Aww Stunner is stunning! Lol Such a roley poley puppy :biggrin:

All of your dogs are fabulous but Wilson just asks for a squeeze. I think he's my favorite


----------



## kady05 (Jul 29, 2011)

lovemydogsalways said:


> He is a stunner. Love the last pic of the chase. If you get him doing that every day he should lose the rolls lol Was he fed raw at the breeders?


Yeah it's too bad we can't go to the park daily.. my knees would DIE (I struggle the day after because of them). But I try to go at least 3 times a week! 

He was fed half and half at the breeders; sometimes he'd get kibble 3 days in a row, other days he'd get raw. So not much of a schedule! I did have to pick up a bag of kibble for him because I had NO chicken thawed out for him (all of mine was already pre-bagged for my guys) when I got him on Saturday though.



Tobi said:


> They are all beautiful! :thumb:
> 
> Amazing photo's as usual as well!


Thank you 



Sprocket said:


> Aww Stunner is stunning! Lol Such a roley poley puppy :biggrin:
> 
> All of your dogs are fabulous but Wilson just asks for a squeeze.
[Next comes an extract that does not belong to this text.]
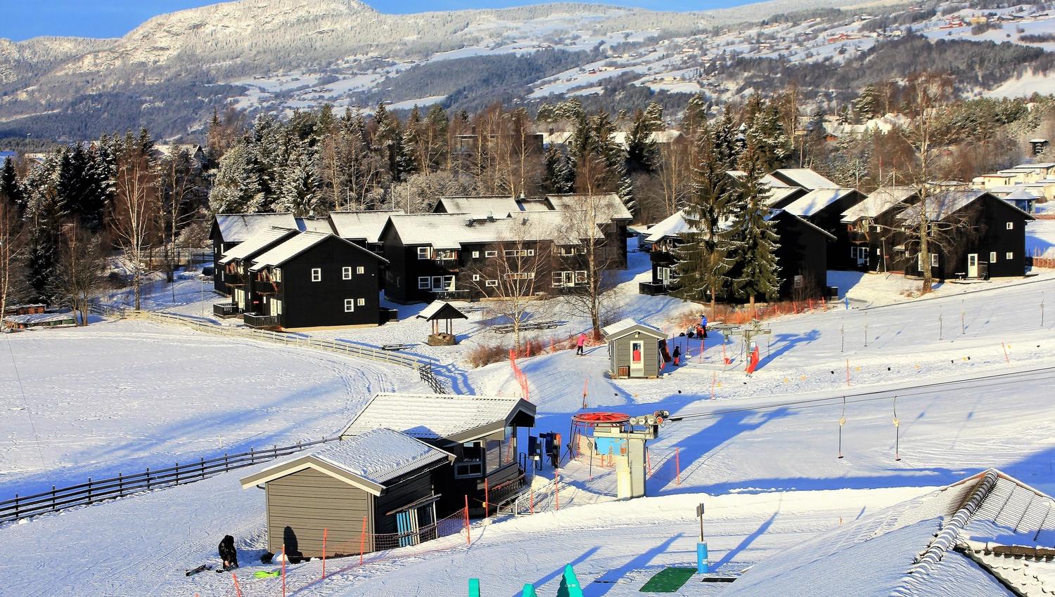 The bathrooms are bright and delicate with tiled showers and toilets. In the living room there is a flat-screen TV with sofa group 3 seats + scaise longue and coffee table. In addition, there is 1 high chair. You have a view from the balcony or terrace of the alpine center or valley. Popular accommodation option for families on ski holidays in Hafjell. Right next to the family area with ski school, ski lift and ski rental.

I think he's my favorite


Oh yeah.. definitely a tubby little thing!

Wilson is lots of peoples favorite.. everyone that meets him falls in love


----------



## Donna Little (May 31, 2011)

I need that little thing.


----------



## kady05 (Jul 29, 2011)

Donna Little said:


> I need that little thing.


Everyone needs a little Bully breed in their lives!


----------



## DeekenDog (Aug 29, 2011)

Oh I love him. I know you'll get a bit of weight off but that chub is cute  Hopefully he'll drop it in no time with some good food and lots of playtime


----------



## Janet At Nutro (Mar 11, 2011)

You always take the most amazing pictures!


----------



## rannmiller (Jun 27, 2008)

I love seeing your gorgeous dogs just running free like that! They looks SO happy all the time! 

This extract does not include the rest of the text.